▶ PROVIDED MATERIAL:
----

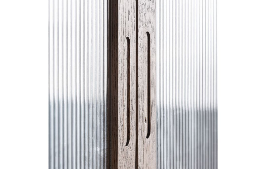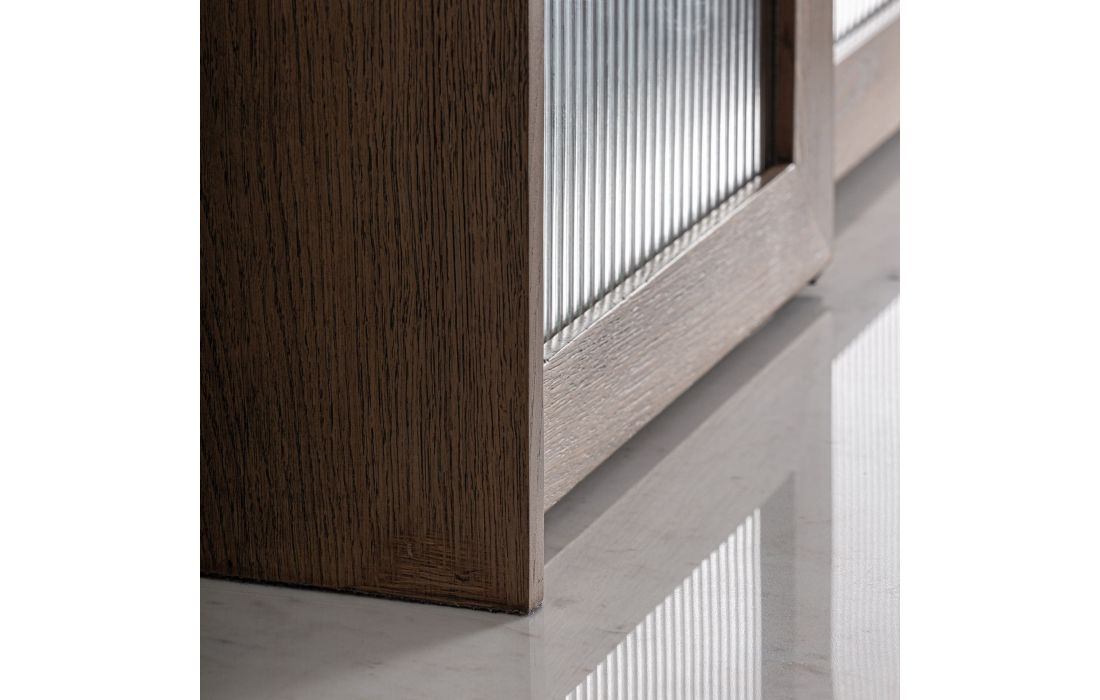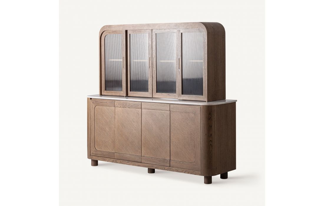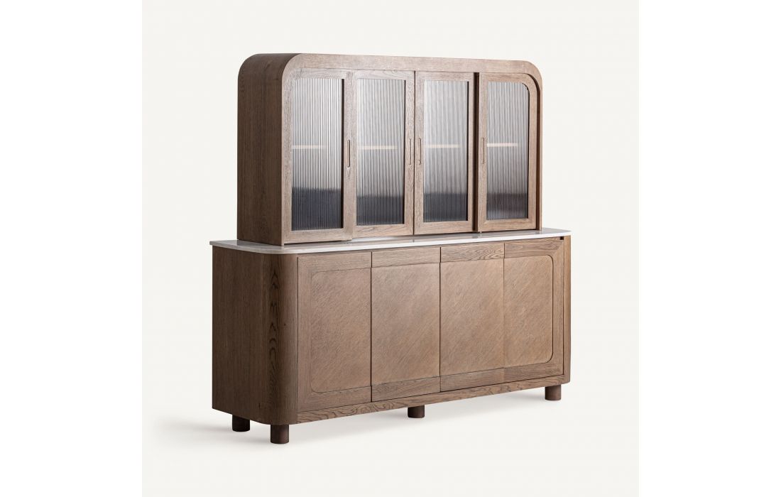 Este Móvel alto em estilo colonial, feito de madeira de carvalho, combinado com mármore em acabamento com veias e vidro transparente.
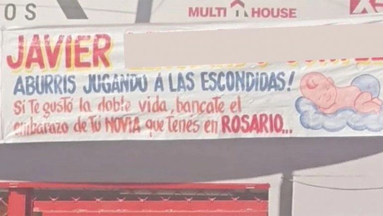“Javier: Aburrís jugando a las escondidas! Si te gusto la doble vida, bancate el embarazo de tu novia que tenés en Rosario”, relataba el pasacalles que se volvió viral, junto a un pintoresco dibujo de bebé.
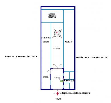 Az alaprajz a földszintet tükrözi, mely 1088 nm. Felette 600 nm galéria és ezen kívül van 3x60 nm szuterén raktár. Az autóknak parkolásra rendelkezésre áll 143 nm.

----

Only one thing is wanted here, an exact copy of the lines from the first line above through the line containing "dibujo de bebé.", minus any picture.

 Este Móvel alto em estilo colonial, feito de madeira de carvalho, combinado com mármore em acabamento com veias e vidro transparente.
“Javier: Aburrís jugando a las escondidas! Si te gusto la doble vida, bancate el embarazo de tu novia que tenés en Rosario”, relataba el pasacalles que se volvió viral, junto a un pintoresco dibujo de bebé.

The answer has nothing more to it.